Records excerpted from a collection
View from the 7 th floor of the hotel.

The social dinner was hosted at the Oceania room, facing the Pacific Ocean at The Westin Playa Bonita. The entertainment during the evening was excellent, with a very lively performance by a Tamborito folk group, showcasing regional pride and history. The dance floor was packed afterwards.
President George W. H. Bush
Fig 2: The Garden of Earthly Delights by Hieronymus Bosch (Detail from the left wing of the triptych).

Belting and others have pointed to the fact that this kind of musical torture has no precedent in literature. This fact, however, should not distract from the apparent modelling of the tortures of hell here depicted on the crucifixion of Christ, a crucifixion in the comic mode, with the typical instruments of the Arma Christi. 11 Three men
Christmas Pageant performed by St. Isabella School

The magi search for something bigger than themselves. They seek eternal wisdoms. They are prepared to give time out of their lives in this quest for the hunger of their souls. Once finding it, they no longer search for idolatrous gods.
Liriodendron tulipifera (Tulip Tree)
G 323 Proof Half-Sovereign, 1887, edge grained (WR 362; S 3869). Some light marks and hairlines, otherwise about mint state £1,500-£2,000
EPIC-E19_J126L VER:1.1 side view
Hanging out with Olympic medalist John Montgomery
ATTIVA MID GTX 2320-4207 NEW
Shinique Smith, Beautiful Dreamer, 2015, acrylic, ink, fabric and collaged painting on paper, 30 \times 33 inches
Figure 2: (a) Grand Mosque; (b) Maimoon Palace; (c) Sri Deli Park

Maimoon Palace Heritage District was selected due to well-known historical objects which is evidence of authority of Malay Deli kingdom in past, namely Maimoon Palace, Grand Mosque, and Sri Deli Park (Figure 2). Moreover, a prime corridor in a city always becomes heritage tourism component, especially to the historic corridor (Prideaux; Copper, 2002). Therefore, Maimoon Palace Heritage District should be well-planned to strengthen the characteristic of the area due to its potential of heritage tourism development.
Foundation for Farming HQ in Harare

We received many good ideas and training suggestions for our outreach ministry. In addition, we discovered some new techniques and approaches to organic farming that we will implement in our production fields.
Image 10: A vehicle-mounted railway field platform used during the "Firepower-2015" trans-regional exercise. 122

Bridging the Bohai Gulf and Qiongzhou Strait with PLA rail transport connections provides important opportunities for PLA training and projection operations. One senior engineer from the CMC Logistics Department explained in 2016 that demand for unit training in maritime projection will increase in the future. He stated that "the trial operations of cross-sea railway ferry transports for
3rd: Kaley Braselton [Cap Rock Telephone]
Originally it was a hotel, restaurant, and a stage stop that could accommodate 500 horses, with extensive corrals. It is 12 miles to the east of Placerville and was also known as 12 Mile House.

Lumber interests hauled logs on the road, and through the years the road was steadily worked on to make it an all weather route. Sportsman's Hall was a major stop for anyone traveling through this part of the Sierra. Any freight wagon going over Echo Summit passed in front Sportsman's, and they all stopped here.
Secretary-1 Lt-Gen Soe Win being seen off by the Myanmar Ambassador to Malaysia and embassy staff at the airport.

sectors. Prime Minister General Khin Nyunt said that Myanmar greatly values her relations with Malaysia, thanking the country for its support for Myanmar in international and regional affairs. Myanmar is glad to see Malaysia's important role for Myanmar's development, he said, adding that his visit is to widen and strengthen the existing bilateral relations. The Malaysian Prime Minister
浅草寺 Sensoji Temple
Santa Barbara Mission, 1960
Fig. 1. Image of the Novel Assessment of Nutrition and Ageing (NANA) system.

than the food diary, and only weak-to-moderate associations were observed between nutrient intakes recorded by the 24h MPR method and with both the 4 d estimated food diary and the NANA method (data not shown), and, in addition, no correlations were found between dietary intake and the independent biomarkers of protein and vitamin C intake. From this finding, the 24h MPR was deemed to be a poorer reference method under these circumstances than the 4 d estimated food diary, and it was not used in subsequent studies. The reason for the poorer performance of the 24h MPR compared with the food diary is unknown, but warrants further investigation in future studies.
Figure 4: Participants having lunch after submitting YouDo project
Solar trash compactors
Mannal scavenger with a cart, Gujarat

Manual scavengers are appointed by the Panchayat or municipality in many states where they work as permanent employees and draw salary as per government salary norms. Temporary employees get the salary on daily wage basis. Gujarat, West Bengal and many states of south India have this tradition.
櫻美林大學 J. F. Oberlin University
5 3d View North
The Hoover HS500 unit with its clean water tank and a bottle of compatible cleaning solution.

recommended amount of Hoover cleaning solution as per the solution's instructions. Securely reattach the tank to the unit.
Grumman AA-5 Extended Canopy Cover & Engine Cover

TASK OBJECTIVE
The required output is the exact run of lines from the one with "than the food" through the final line of the entries.

WRITTEN ANSWER
than the food diary, and only weak-to-moderate associations were observed between nutrient intakes recorded by the 24h MPR method and with both the 4 d estimated food diary and the NANA method (data not shown), and, in addition, no correlations were found between dietary intake and the independent biomarkers of protein and vitamin C intake. From this finding, the 24h MPR was deemed to be a poorer reference method under these circumstances than the 4 d estimated food diary, and it was not used in subsequent studies. The reason for the poorer performance of the 24h MPR compared with the food diary is unknown, but warrants further investigation in future studies.
Figure 4: Participants having lunch after submitting YouDo project
Solar trash compactors
Mannal scavenger with a cart, Gujarat

Manual scavengers are appointed by the Panchayat or municipality in many states where they work as permanent employees and draw salary as per government salary norms. Temporary employees get the salary on daily wage basis. Gujarat, West Bengal and many states of south India have this tradition.
櫻美林大學 J. F. Oberlin University
5 3d View North
The Hoover HS500 unit with its clean water tank and a bottle of compatible cleaning solution.

recommended amount of Hoover cleaning solution as per the solution's instructions. Securely reattach the tank to the unit.
Grumman AA-5 Extended Canopy Cover & Engine Cover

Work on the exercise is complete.